CN110598925A - Energy storage in-trading market decision optimization method based on double-Q learning algorithm - Google Patents

Abstract

A method for optimizing decision-making of energy storage in a trading market based on a double-Q learning algorithm, comprising the following steps: establishing a mathematical model for decision-making of energy storage in a trading market; describing energy storage operations as a Markov decision-making process; using real historical market transactions For the price data, use the Double-Q learning algorithm to iteratively train the two data sets to obtain the trained Q table; the energy storage executes the action of maximizing the decision-making goal in the trained Q table, and obtains the cumulative value under the joint arbitrage award. The Double-Q learning algorithm of the present invention uses two functions to iteratively update the Q table, which reduces the impact of the Q-learning algorithm overestimation problem, and the designed arbitrage strategy is more stable, making the long-term arbitrage income of energy storage higher; the source of arbitrage is not limited to The electricity market, joining the carbon market, has significantly increased arbitrage income.

Description

A decision-making optimization method for energy storage in the trading market based on double Q learning algorithm

technical field

The invention belongs to the technical field of engineering.

Background technique

With the increasing penetration of renewable resources, it is important to efficiently achieve this balance given the high uncertainty of wind and solar energy. The energy storage system can continuously absorb energy and release energy in a timely manner to meet the large demand of users for electricity, relieve the overload of electricity on the power grid, optimize the configuration of the power grid system, maintain the complete and stable operation of the power grid, and meet the needs of different users for power. demand, is a complement to variable renewable energy, and its economic viability is gaining increasing attention. One of the most frequently discussed sources of income for energy storage is real-time price arbitrage, that is, energy storage uses the price difference in real-time electricity market prices to charge when electricity prices are low and discharge when electricity prices are high to achieve profitability.

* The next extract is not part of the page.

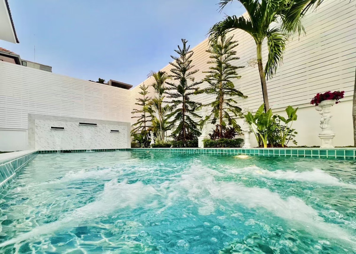 Japanese 4 Bedroom Pool Villa accomodating up to 10 Guests. At the side of the property is a private 4 × 10 meter swimming pool, surrounded by clean stone paving and landscaped gravel areas inspired by traditional Japanese gardens. The villa is ideally located just a 3-minute walk from The Sanctuary of Truth, one of Pattaya’s most famous cultural landmarks. The beach is only 800 meters away, making it easy to enjoy Sunbath.7-11, massage shops,restaurants are all within walking distance.
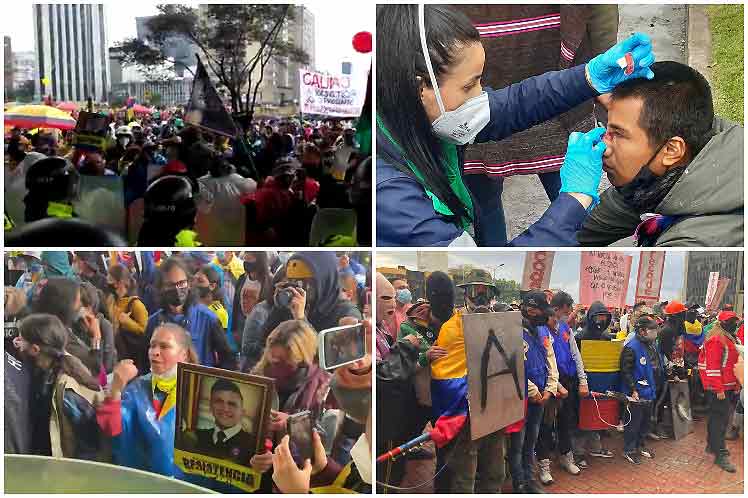 En Medellín, Armenia, Cali, Bogotá, Cundinamarca, Bucaramanga, Popayán y otras zonas los manifestantes exigieron el cese de la violencia contra las movilizaciones pacíficas y la negociación del pliego de demandas propuesto por el Comité Nacional de Paro.

Due to the high volatility of real-time electricity market prices caused by the increasing popularity of intermittent renewable generation, the decision-making of energy storage in trading markets has received great attention from the research community. However, even with rising price spreads, designing a good strategy to make significant profits is still not an easy task. The first method that comes to mind is to predict the price, but the accuracy of the prediction is difficult to guarantee. Later, approximate dynamic programming was used to derive bidding strategies for energy storage without prior knowledge of the price distribution. However, this strategy is often computationally expensive due to the high dimensionality of the state space. Reinforcement learning is an online learning technology that is different from supervised learning and unsupervised learning. The Q-learning algorithm in reinforcement learning provides people with an energy storage decision-making strategy under a data-driven framework.

The existing energy storage decision-making methods based on reinforcement learning have the following defects: only electricity price information is used for decision-making, and the source of decision-making information is single; the Q-learning algorithm has an overestimation problem, and the performance of the algorithm is unstable.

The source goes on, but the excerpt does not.